DATA SHOWN:
Segment Open

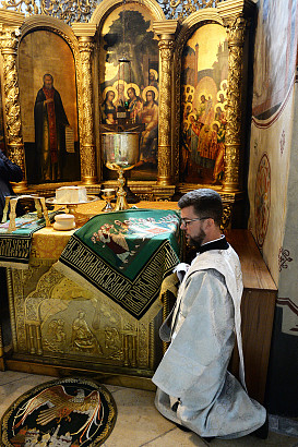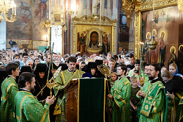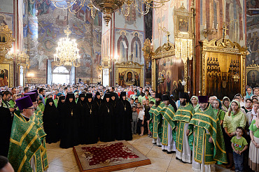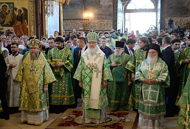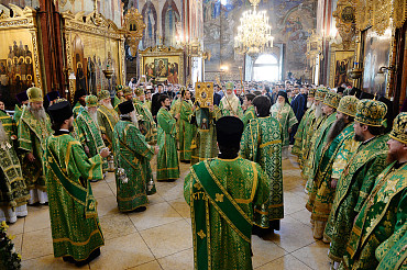 18 июля 2015 года, в день обретения честных мощей преподобного Сергия, игумена Радонежского, Святейший Патриарх Московский и всея Руси Кирилл совершил Божественную литургию в Успенском соборе Свято-Троицкой Сергиевой лавры. Фото: С.Н. Власов. Источник: Пресс-служба Патриарха Московского и всея Руси.
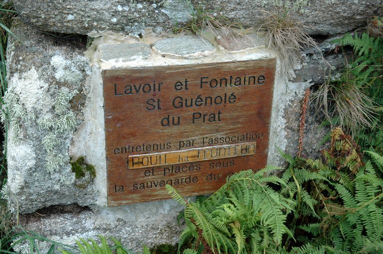 Vue de la plage du Prat, lavoir et fontaine Saint-Guénolé (signalétique mis en place par l'association Pouil ha Feunteun)Immatriculation
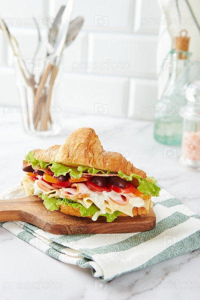 Сэндвич-кроасан с сыром, ветчиной, салатами, помидорами, оливками и вкусным соусом на деревянном доске

Segment Closed

The expected result is the material restated word for word, minus any picture.

 18 июля 2015 года, в день обретения честных мощей преподобного Сергия, игумена Радонежского, Святейший Патриарх Московский и всея Руси Кирилл совершил Божественную литургию в Успенском соборе Свято-Троицкой Сергиевой лавры. Фото: С.Н. Власов. Источник: Пресс-служба Патриарха Московского и всея Руси.
 Vue de la plage du Prat, lavoir et fontaine Saint-Guénolé (signalétique mis en place par l'association Pouil ha Feunteun)Immatriculation
 Сэндвич-кроасан с сыром, ветчиной, салатами, помидорами, оливками и вкусным соусом на деревянном доске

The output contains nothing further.